The stories it could tell, the places it’s been: Helping the German war effort during WWII and then shipping over to America afterward in the hands of the U.S. Army and its heavy-press program. There, in Madison, IL, the Air Force installed the machine in a Dow Chemical facility. Eventually, the press moved to St. Louis under the ownership of the Spectrulite Consortium. That’s where Universal Alloy Corp. acquired it and began moving it to Canton, GA, where it resides today.
The huge press won’t be taking it easy there, either. Universal Alloy, having changed it over from water to oil
actuation, will be running hard-alloy aluminum aircraft extrusions out of it as much as three times as fast as it
produced them in its glory. Says engineering vice president, Paul Scaglione, the speed increase comes because they’ve converted the machine to indirect extruding.
An indirect press can extrude faster than a direct press because the container that holds the billet floats with the cross head, Scaglione explains. The cross head is the part of the machine that pushes the heated metal through the die. For direct extrusions, the crosshead works against both die friction and the friction of the billet on the container walls, he says. If those walls move with the cross head, as they do in the indirect mode, that friction falls away.
Another advantage of the indirect process is less waste, he says. For the same 70 inch billet, the direct process produces 20 percent scrap while the indirect process lowers that percentage to three. Add to that list better grain structure and fewer kilowatts needed to do it all.
Of course, the indirect process can’t make parts as large as those made by a direct process. So, Universal Alloy made the press convertible. It can switch from direct to indirect modes in about a day, according to Ed Heffner, maintenance manager of Universal Alloy’s Anaheim, CA operation.
The change from oil to water in itself didn’t provide any great performance gains, Scaglione says. Instead, it makes the machine less expensive to own and operate. Valves work better in oil and wear drops off too, thanks to oil’s lubricating properties. Still, the company had to go with a high-pressure water and glycol system up on the heated tool platen for fear of possible oil fires there.
A billet loading at the beginning of a press cycle. Indirect extrusion allows the press to run faster, with better energy usage, while producing parts of better quality.
Universal Alloy was able to raise press force by a couple thousand tons by using the piercer, ordinarily used for making hollows, to back up the press’s three main rams.
Among the parties involved in the project, Bosch Rexroth Hydraulic Systems and Engineering group of Bethlehem, PA, met with Scaglione and representatives in mid-2003 while the press was still in St. Louis. Systems engineer Otto Weber said he joined the conversation then when the transformation was just being imagined. Scaglione had a good idea of how he wanted the press to work, and the team came up with a plan for a hydraulic system that could fit inside the machine envelope.
That envelope turned out to be quite large. So large, in fact, that it took 167 special-permit trucks and seven railcars to move all the pieces down to Georgia. The biggest part, the front platen, weighed 124 tons.

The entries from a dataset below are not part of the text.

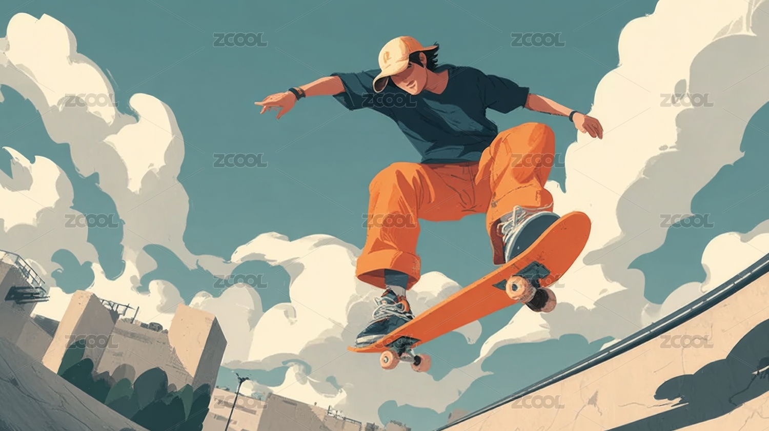滑板青年玩滑板潮流运动青春人物时尚插画
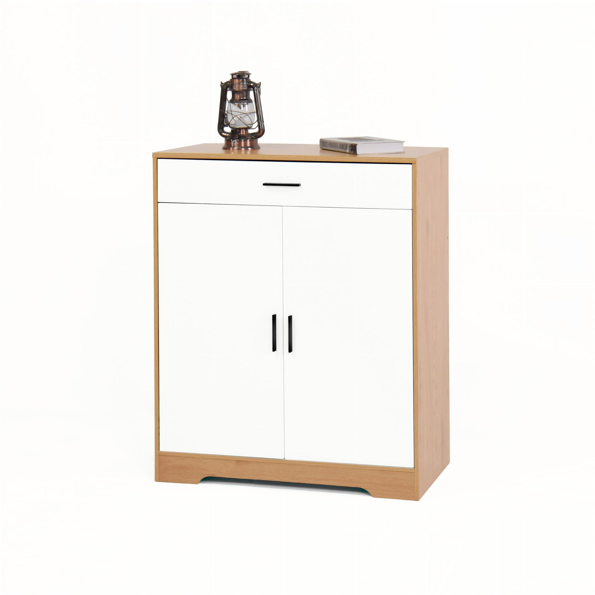 Freestanding Wooden Shoe Cabinet Organizer With Adjustable Shelves And Drawer - Natural / White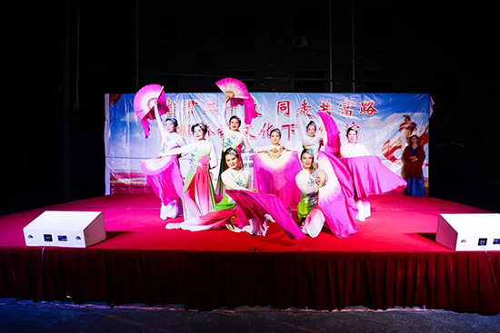 “總想對你表白,我的心情是多么豪邁……”當歌聲傳來,楓橋開心姐妹舞蹈隊表演的扇子舞《走進新時代》來到臺上,身著金黃帶紫花的落地裙裝、手持紅黃綠相間的舞蹈扇,隨著音樂的起伏,表情豐富地在臺上展示一個個優美的造型,沉醉于音樂的節拍中,奔跑、轉換、分合是那樣靈動、那樣自然,忽似一朵朵鮮花怒放、又似一道道波浪起伏,無不給人以美的享受,人群中的“咔嚓”聲此起彼伏。全體演員向觀眾謝幕,并合唱《我和我的祖國》。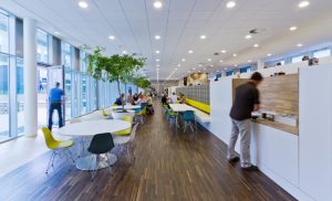 Bố trí nơi ăn uống, thư giãn ngay trong khu làm việc giúp nhân viên giữ gìn sức khỏe, không tốn thời gian đi lại. Văn phòng của tỉnh Friesland (Hà Lan) dành khoảng không rộng, thoáng đãng với cây xanh để nhân viên ăn ...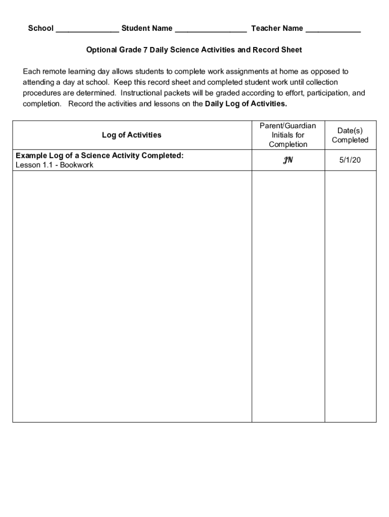School ___ Student Name ___ Teacher Name ___ Optional Grade 7 Daily Science Activities and Record Sheet Each remote learning day allows students to complete work assignments at home as opposed to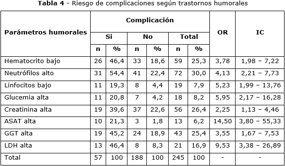 La tabla 4 muestra únicamente las desviaciones de la normalidad de los parámetros humorales que fueron factores de riesgo para complicaciones. En esta condición se encontraron los valores bajos de hematocrito (OR = 3,78; IC: 1,98 - 7,22) y linfocitos (OR = 5,23; IC: 1,99 - 13,76). También fueron factores de riesgo los valores altos de neutrófilos (OR = 4,13; IC: 2,21 - 7,73), glucemia (OR = 5,95; IC: 2,17 - 16,28), creatinina (OR = 2,25; IC: 1,13 - 4,46), ASAT (OR = 14,50; IC: 3,80 - 55,33), GGT (OR = 3,55; IC: 1,67 - 7,53) y LDH (OR = 9,53; IC: 3,38 - 26,89). El resto de las desviaciones en los parámetros humorales tuvieron efecto nulo sobre el riesgo de complicaciones.

The press extrudes aerospace sections up to 105 ft long, and can work with billets to 32 inch diameter in
direct mode and to 22 inches in the indirect mode.
Universal Alloy worked with press-rigging specialist Mamut of Germany, which has been a participant in the raising of the Russian submarine Kursk. Riggers brought the platen within a quarter mile of the site by railcar. Then, they built an overhead gantry to lift the platen onto a Goldhofer transporter, one of those machines that looks like a flat-bed trailer but with many, many wheels.
“Only a year passed from the time we broke the first bolt to the time we put the first power to it,” Heffner says of the machine, which he calls the largest indirect press in the world. Only Russia has a bigger direct press, he adds. As the press was going back together with new hydraulics and a new control system, a building was going up around it.
Of the original water over air system, only three things remain, says Rexroth’s Weber: the main cylinders, two big accumulators, and the pre-fill valves.